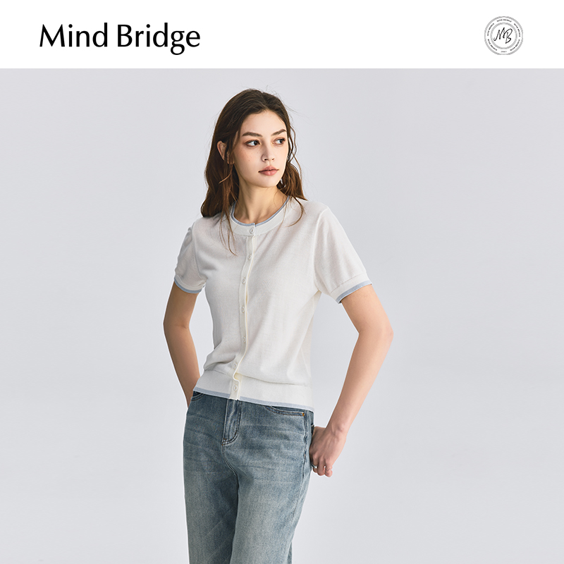 圆领开衫 MindBridge 女士撞色薄款 2025夏假两件针织短袖 莱赛尔
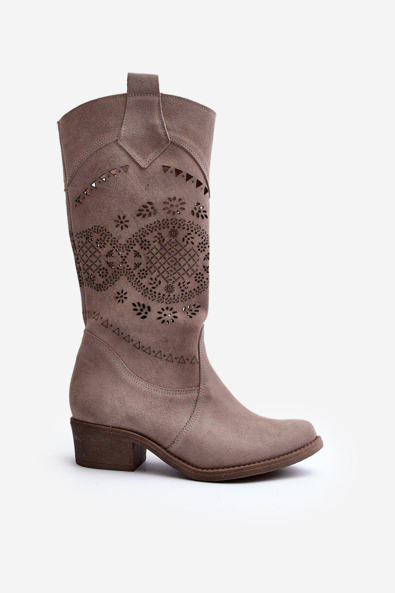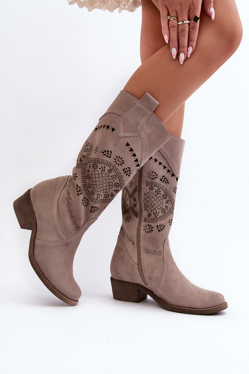 Bottes montantes en daim Zazoo 4043 à petit talon avec éléments ajourés couleur cappuccino
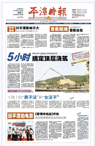 《平潭時報》頭版報道中國五冶集團海峽大橋二線通道入區服務樓封頂
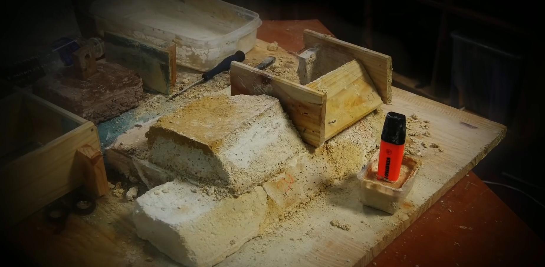 这里的工人一队挖掘石灰石,一队进行混合,然后再将混合好的泥土通过阀门运到模具中,这将用于创建地基和地下隧道

..........

What you have to do: When you repeat the material, keep every word exact and drop the pictures.

Your solution:
 圆领开衫 MindBridge 女士撞色薄款 2025夏假两件针织短袖 莱赛尔
 Bottes montantes en daim Zazoo 4043 à petit talon avec éléments ajourés couleur cappuccino
 《平潭時報》頭版報道中國五冶集團海峽大橋二線通道入區服務樓封頂
 这里的工人一队挖掘石灰石,一队进行混合,然后再将混合好的泥土通过阀门运到模具中,这将用于创建地基和地下隧道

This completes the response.